The fire began on Sunday night around 7:30 p.m. local time and lasted late into the night.

Rescue workers say there were no injuries, but Rio’s fire chief, Roberto Robaday, said that the two hydrants nearest the museum were dry, allowing the flames to devour the 20 million pieces of art and artifacts. Volunteers managed to salvage a few items and microscopes amid the fire.

The museum had housed Latin America’s largest collection of Egyptian pieces. It also held dinosaur skeletons from the region and ‘Luiza’, America's oldest known human skeleton. But most importantly, it held the largest collection of Indigenous artifacts including mummies from the Andean region and thousands of textiles and ceramics from now extinct culture within the Amazon.

Jose Urutau Guajajara, who often visited the museum to learn about his Amazonian community’s history told the Guardian: “This is the greatest loss of indigenous writing in Latin America. Our memory has been erased.”  
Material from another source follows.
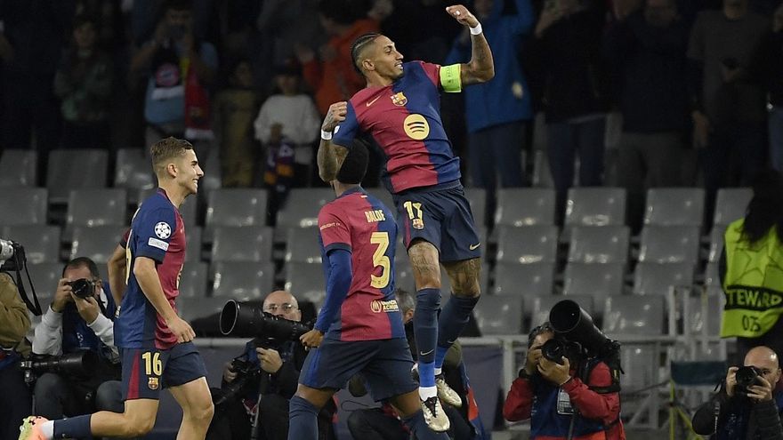 Raphinha celebra noche mágica en Champions League / AFP

On Monday morning people had gathered in the area to get a glimpse of what remained of the Romanesque building declared National Heritage in 1938.

At one point police in riot gear resorted to using tear gas on a part of the crowd angry that the government had neglected the museum and the infrastructure to save it, opting to spend instead on World Cup and Olympic stadium deals on which corrupt politicians earned millions in kickbacks.  

Luiz Duarte, a vice-director for the museum said politicians were to blame for failing to support the museum leaving it to decay.

"For many years, we fought with different governments to get adequate resources to preserve what is now completely destroyed,” he said. “My feeling is of total dismay and immense anger."

Duarte added that the museum had just signed a deal with the government bank to start a  fire-prevention project. “This is the most terrible irony," he added.

Brazil’s culture minister, Sergio Leitão, even acknowledge that the “tragedy…could have been avoided”, because problems there had been "piling up over time." The minister added that the fire likely started from faulty electrical wiring or, a homemade, paper hot-air balloon.

While Brazilian president, Michel Temer tweeted on Sunday night: “Today is a sad day for all Brazilians. … Two hundred years of work, research and knowledge were lost,” the head of state tried to eliminate the ministry of culture all together in 2016.

Between 2013 and 2017, the National Museum federal funding fell by a third and shrank to just US$ 26,603 the first nine months of this year.

The major fire to Brazil’s and the region’s history comes at a time when leftist presidential candidate Luiz Inacio Lula da Silva is being illegally imprisoned and prevented from freely running his campaign and Temer, with a 4 percent rating is leading the government into economic recession with 12 million people unemployed.

Bernardo Mello Franco, one of Brazil’s best-known columnists, wrote on the O Globo newspaper website: "The tragedy this Sunday is a sort of national suicide. A crime against our past and future generations."